Crf_entity_extractor with spell checker

mohamd_saeed106 · April 7, 2020, 3:26pm

I have problem when using spell checker where the token boundary is changed and crf_entity_extractor accuracy decreased . can i change entity boundary after changing training text with spell checker text ?

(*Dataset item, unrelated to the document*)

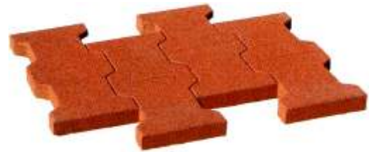
(LxBxH) 500 x 565 x 23 mm

These form locking paving slabs are easily installed and are suitable for creating path areas in land used for livestock as well as path areas, or asphalt surfaces in need of renovation. (36 single elements correspond to one square meter)

(problem example): Token boundary error for token (المسافرين ) (start:61, end: 71) and entity {‘start’: 64, ‘end’: 75, ‘value’: ‘المسافرين’, ‘entity’: ‘departure’}

After spell checker for training_example became: Token boundary for token (المسافرين ) (start:61, end: 71) and entity can’t catch correct token

How solve this problem?

Our class for checker:

class TextCleaning(Component):

provides = ['text'] 
language_list = None
def __init__(self, component_config=None):
    super(TextCleaning, self).__init__(component_config)
    self.arabic_diacritics = re.compile("""
                        ّ    | # Tashdid
                        َّ    | # Fatha
                        ً    | # Tanwin Fath
                        ُ    | # Damma
                        ٌ    | # Tanwin Damm
                        ِ    | # Kasra
                        ٍ    | # Tanwin Kasr
                        ْ    | # Sukun
                        ـ     # Tatwil/Kashida
                        """, re.VERBOSE)

def train(self, training_data, cfg, **kwargs):
    pass

def process(self, message, **kwargs):
    
    text_remove_dica= self.remove_diacritics(message.text) 
    text_normalize= self.normalize_arabic(text_remove_dica)
    text= self.remove_repeating_char(text_normalize)
    message.text= text
    logging.debug("messag.text in clean_text {}".format( message.text))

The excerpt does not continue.